I'm an R and data.tableuser trying to use more Python and pandas, and when I want to do the following in pandas, I get so frustrated because there does not seem to be an easy way:
df = pd.DataFrame({'a': [1, 1, 2, 2], 'b': [0.2, 0.2, 0.2, 0.1], 'c': [10, 9, 10, 22], 'd': [2, 3, 3, 1]})
In R if I wanted to sum the product of b and c and divide on the sum of d, grouped on a, I would just do:
df[, sum(b*c)/sum(d), by=a]
, but this seems hard for me to do elegantly in pandas. I mean no offence, please don't hate me, it is probably just me not understanding pandas yet.
Solution thus far:
df[["b", "c"]].prod(axis=1).groupby(df["a"]).sum()/df.groupby("a").d.sum()

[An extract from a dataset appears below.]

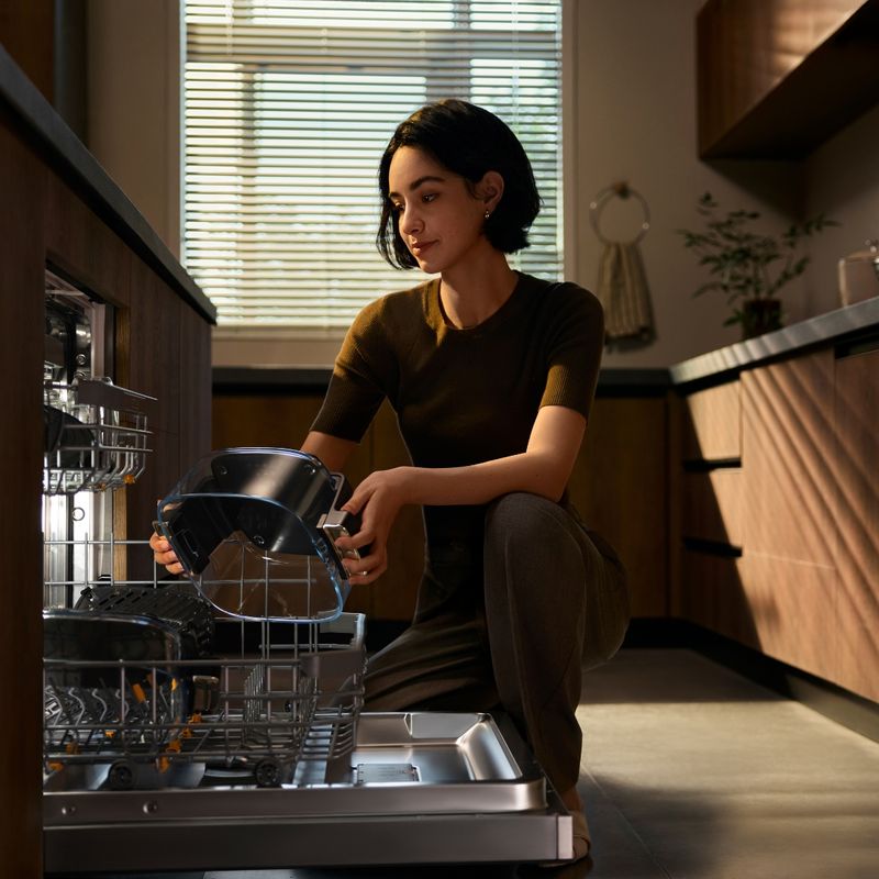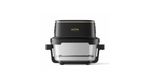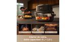 8 recetas preestablecidas + panel táctil LED. Curvas de cocción optimizadas para freír al aire, asar, hornear y recalentar. Pausa inteligente al levantar la tapa para añadir salsas o mover alimentos y reanudar sin perder ajustes. Accesorios apto lavavajillas.

CodePudding user response:
I would have done the same as you did.
If you want you can also use groupby.apply:
df.groupby('a').apply(lambda g: (g['b']*g['c']).sum()/g['d'].sum())
output:
a
1 0.76
2 1.05
dtype: float64
CodePudding user response:
If performance is important, avoid groupby.apply - create helper column new, aggregate both and last divide both columns:
s = (df.assign(new = df[["b", "c"]].prod(axis=1))
.groupby("a")[['new','d']]
.sum()
.eval('new / d'))
print (s)
a
1 0.76
2 1.05
dtype: float64